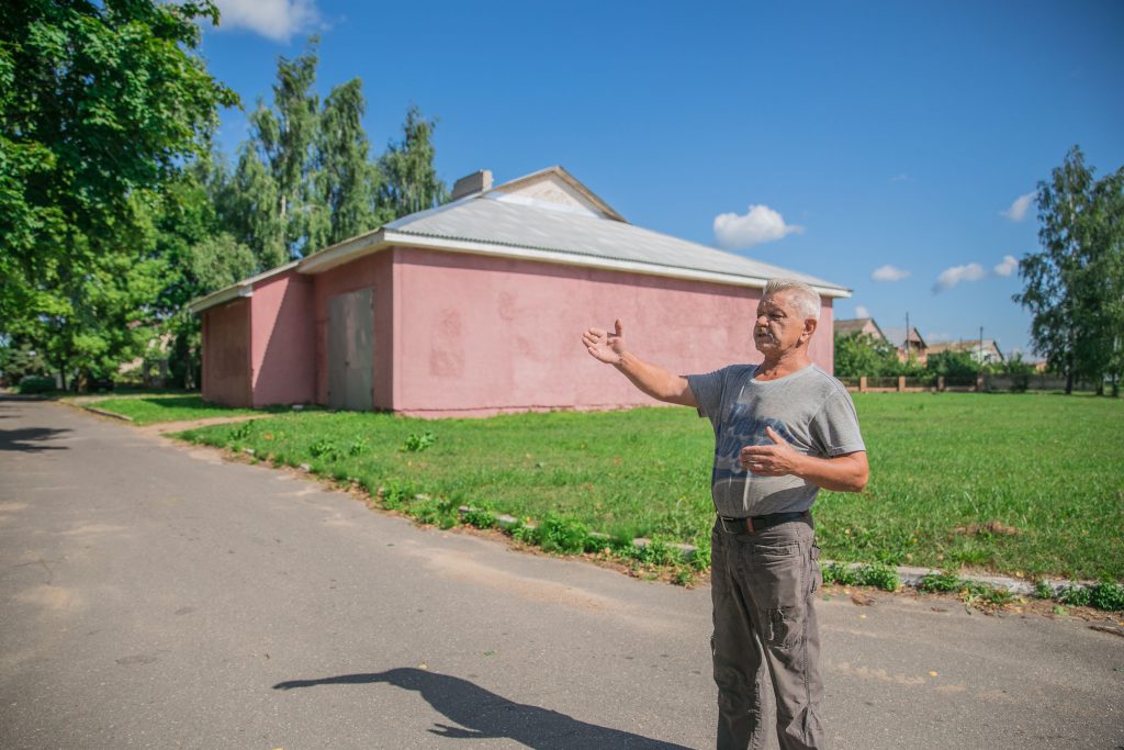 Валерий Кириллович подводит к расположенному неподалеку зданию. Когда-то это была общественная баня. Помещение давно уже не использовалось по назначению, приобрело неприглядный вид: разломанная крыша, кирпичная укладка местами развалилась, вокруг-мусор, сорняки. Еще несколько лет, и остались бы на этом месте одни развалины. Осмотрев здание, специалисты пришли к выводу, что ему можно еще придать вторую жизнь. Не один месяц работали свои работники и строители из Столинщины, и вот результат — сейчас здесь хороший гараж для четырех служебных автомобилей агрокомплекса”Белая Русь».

--

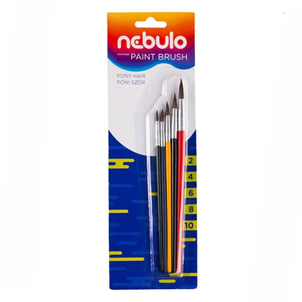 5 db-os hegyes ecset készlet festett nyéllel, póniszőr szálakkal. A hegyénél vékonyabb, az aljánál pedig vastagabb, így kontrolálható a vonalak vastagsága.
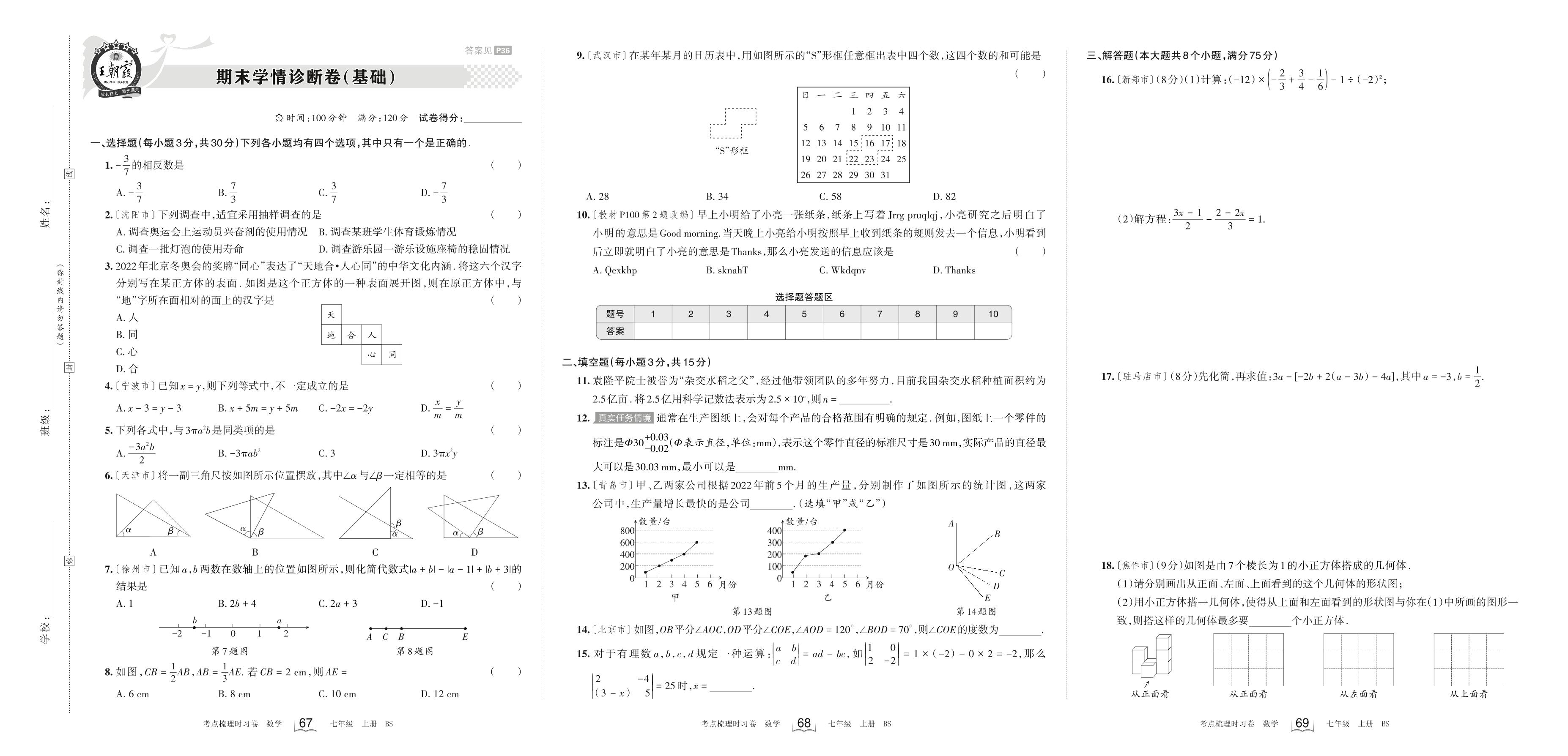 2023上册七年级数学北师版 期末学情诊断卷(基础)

#### Task details
Although pictures appear among the entries, please set down only the lines from the one with "5 db-os hegyes" up to and including the one with "2023上册七年级数学北师版 期末学情诊断卷(基础)", word for word.

#### Answer space
 5 db-os hegyes ecset készlet festett nyéllel, póniszőr szálakkal. A hegyénél vékonyabb, az aljánál pedig vastagabb, így kontrolálható a vonalak vastagsága.
 2023上册七年级数学北师版 期末学情诊断卷(基础)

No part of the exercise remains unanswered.